Господи Иисусе, только не очередная буря.
Пять северо-восточных монстров за пять недель. Все равно что жить в военное время. Погодные уведомления обновлялись каждые полчаса. Коммунальные службы присылали грозные сообщения с предупреждениями: Подготовиться к шторму – ваша гражданская ответственность. Бездомным настоятельно рекомендовали найти укрытия.
Во всех кварталах ожесточились парковочные войны. Места пытались застолбить садовой мебелью и мусорными баками. На улицу вытаскивали кресла и диваны. Люди звонили на работу и брали больничные, только чтобы никуда не ехать. Чтобы не потерять парковочное место, стоило потратить отпускной день.
Сообщения сыпались, как цифровые осадки, которые погодный канал окрестил «зимним ассорти». Владельцы домов несут ответственность за расчистку тротуаров.

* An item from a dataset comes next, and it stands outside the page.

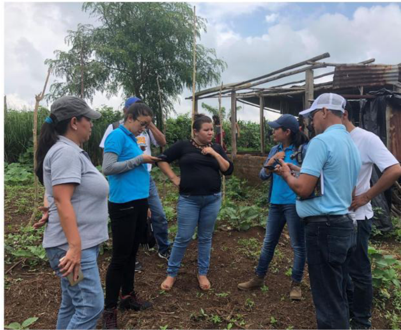
Los/las participantes del taller recolectando datos en el campo

Серьезную проблему представляли сосульки. Это обсуждали повсюду.
Пять северо-восточных монстров за пять недель. Справедливости ради надо сказать, что Бостон принял их как личное оскорбление. Бостон винил во всем ураган «Эль-Ниньо» или «Ла-Нинья», глобальное потепление, ископаемое топливо, коррупционеров из Капитолия, проклятущую географию города. Бостон винил во всем нью-йоркских «Янкиз», просто потому что.
Длинное нижнее белье, шерстяные свитеры, пуховики, балаклавы. Весь Бостон набивался в вагоны метро, утопая в поту и негодовании. Бостон – и в лучшие-то дни не самый приятный город – становился все сварливее. Раздражение витало в воздухе, как ядовитый газ. Прочищайте вентиляцию! Блокировка вентиляционных отверстий может привести к отравлению угарным газом. Раздражение было как инстинкт, психологическая реакция на известные явления – точку росы, предельную точку испарения, атмосферное давление – и те, которым еще не дали определений.
МЕЖДУ ТЕМ ВСЯ ОСТАЛЬНАЯ ЖИЗНЬ ШЛА СВОИМ ЧЕРЕДОМ. Клаудия слишком много работала и слишком мало спала. Она записывалась на приемы (к парикмахеру, зубному и маммологу), ходила в душ и занималась стиркой. Расчищала тротуар и посыпала его солью, читала газеты и ела тосты. В каждый второй выходной она ездила к Стюарту в Андовер поесть стейков и потрахаться. (Иногда они смотрели кино.) Раз или два в неделю снегоуборщик хоронил в сугробе ее машину. Раз или два в неделю она ее откапывала. Все это занимало время.
Горячая линия в клинике продолжала трезвонить. Презервативы рвались, яйцеклетки оплодотворялись, месячные приходили или не приходили. Симптомы проявлялись, усугублялись и требовали внимания. Безразличное к погоде тело всячески напоминало о себе.
Каждое утро на Мерси-стрит собирались протестующие. Пухляш перебирал четки – хороший человек, доброжелательный. Он носил обручальное кольцо. Клаудия представляла, что он женат много лет – или уже вдовец, – что на пенсии ему одиноко и он жаждет сделать какое-нибудь доброе дело. Он участливо беседовал с молодыми женщинами у клиники, не понимая, что большинство из них вовсе не были беременны.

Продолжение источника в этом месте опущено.